# Work task
In the records below, find the line containing "않으며, 남을 가르치기를" and transcribe it and every line after it exactly; leave the pictures out.

(Beginning of Recorded data)

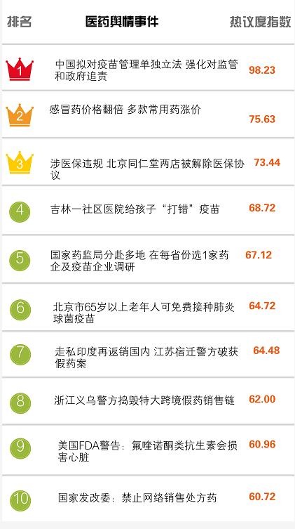 醫(yī)藥輿情排行榜|中國擬對疫苗管理單獨立法
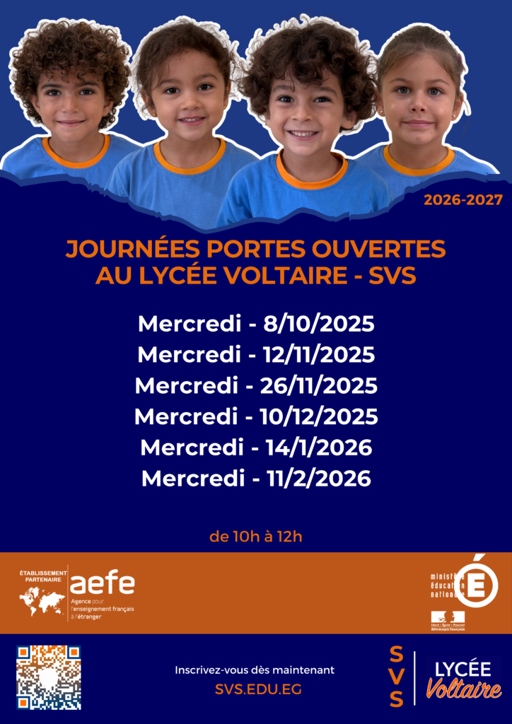 Our ambition is biculturalism at the interface between France and Egypt, trilingualism with mastery of French, English and Arabic, and a solid general culture that allows us to offer students the academic excellence necessary for access to the best higher education institutions throughout the world. The management team and all the teams at Voltaire high school are proud to welcome you and wish you a pleasant visit to this website. ————————————————– ————————————————– —————————— A word from the principal The Voltaire French high school is a partner establishment of the AEFE and is approved by the French Ministry of National Education from preschool (PS) to grade 12 (Terminal). The French programs are taught in an international context and in accordance with the values of equity, solidarity, sharing and openness to the world. To uphold these values, a team of qualified and regularly trained teachers is in place to promote an innovative and enriched pedagogy that contributes every day to the well-being and performance of your children. Many artistic, cultural and solidarity partnerships are active to nourish your children’s academic journey. In addition, the Voltaire high school campus has all the necessary equipment to implement a student-centered pedagogy. It is through a multimodal transmission of knowledge that our students awaken their curiosity, their critical thinking, but above all their thirst to discover and understand the world. Day after day, they thus find the keys to their autonomy and the path to their success. Our commitment is to promote the development of each and every student’s potential, in an atmosphere of demand, trust, listening, tolerance and respect. Our ambition is the biculturalism with the interface between France and Egypt, the trilingualism with mastery of French, English and Arabic, and a solid general culture that allows us to offer our students the necessary academic excellence to access the best higher education institutions around the world . The management team and all the teams of Voltaire High School are proud to welcome you and wish you a pleasant visit to this website.
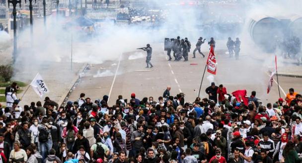 (defensa.com) Los profesores protestaban el jueves pasado contra los cambios en sus planes de pensiones que fueron aprobados por el congreso del estado de Paraná, en el sur de Brasil, en el denominado Centro Cívico, que reúne a todos los poderes regionales en la capital, Curitiba. La manifestación se tornó violenta cuando un grupo de maestros intentó romper el cordón policial que protegía el recinto legislativo y las tripas de choque de la Policía Militar pasaron a una inesperada represión violenta. Unas 215 personas resultaron heridas en los enfrentamientos.
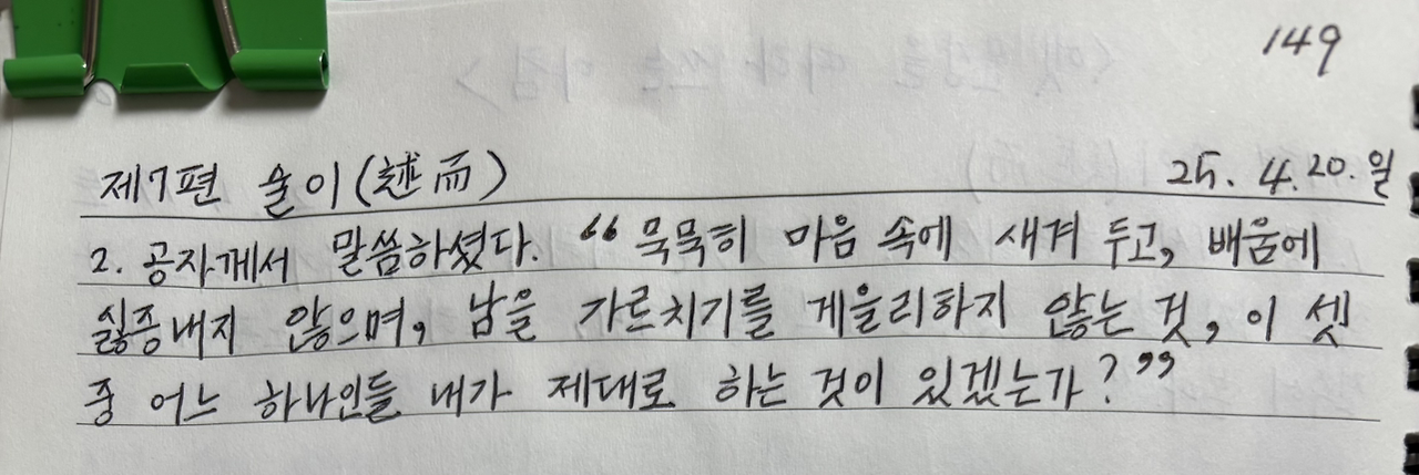 "묵묵히 마음속에 새겨 두고, 배움에 싫증 내지 않으며, 남을 가르치기를 게을리하지 않는 것, 이 셋 중 어느 하나인들 내가 제대로 하는 것이 있겠는가?"
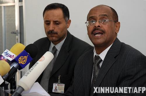 6月30日,也门民航局副局长穆罕默德·阿卜杜勒—拉赫曼·阿卜杜勒—卡迪尔(右)在也门首都萨那参加记者招待会。也门民航局当日说,搜救小组已在印度洋岛国科摩罗附近海域发现失事客机的遇难者遗体。也门航空公司一架客机6月30日晨在即将飞抵印度洋岛国科摩罗国际机场时坠入印度洋,当时机上有150名乘客。 新华社/法新
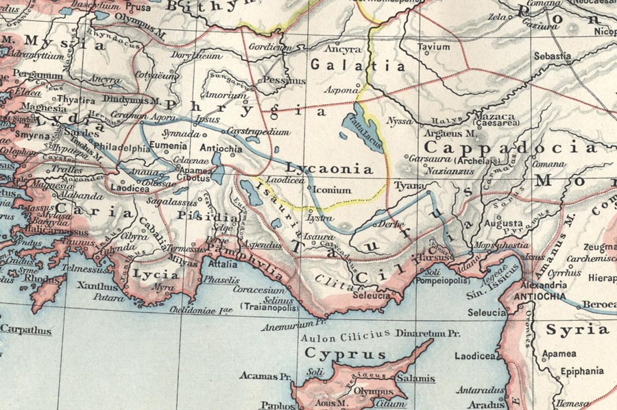 Referred to as Pisidia in Greek and Latin, the region bordered Lycaonia and Isauria to the east, Pamphylia and Lycia to the south, and Phrygia to the north and west.
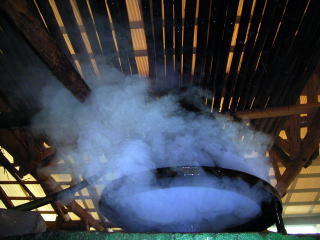 【竹酢液採取機】 窯から昇る約80℃から150℃の蒸気を集めます。

(End of Recorded data)

# Result
 "묵묵히 마음속에 새겨 두고, 배움에 싫증 내지 않으며, 남을 가르치기를 게을리하지 않는 것, 이 셋 중 어느 하나인들 내가 제대로 하는 것이 있겠는가?"
 6月30日,也门民航局副局长穆罕默德·阿卜杜勒—拉赫曼·阿卜杜勒—卡迪尔(右)在也门首都萨那参加记者招待会。也门民航局当日说,搜救小组已在印度洋岛国科摩罗附近海域发现失事客机的遇难者遗体。也门航空公司一架客机6月30日晨在即将飞抵印度洋岛国科摩罗国际机场时坠入印度洋,当时机上有150名乘客。 新华社/法新
 Referred to as Pisidia in Greek and Latin, the region bordered Lycaonia and Isauria to the east, Pamphylia and Lycia to the south, and Phrygia to the north and west.
 【竹酢液採取機】 窯から昇る約80℃から150℃の蒸気を集めます。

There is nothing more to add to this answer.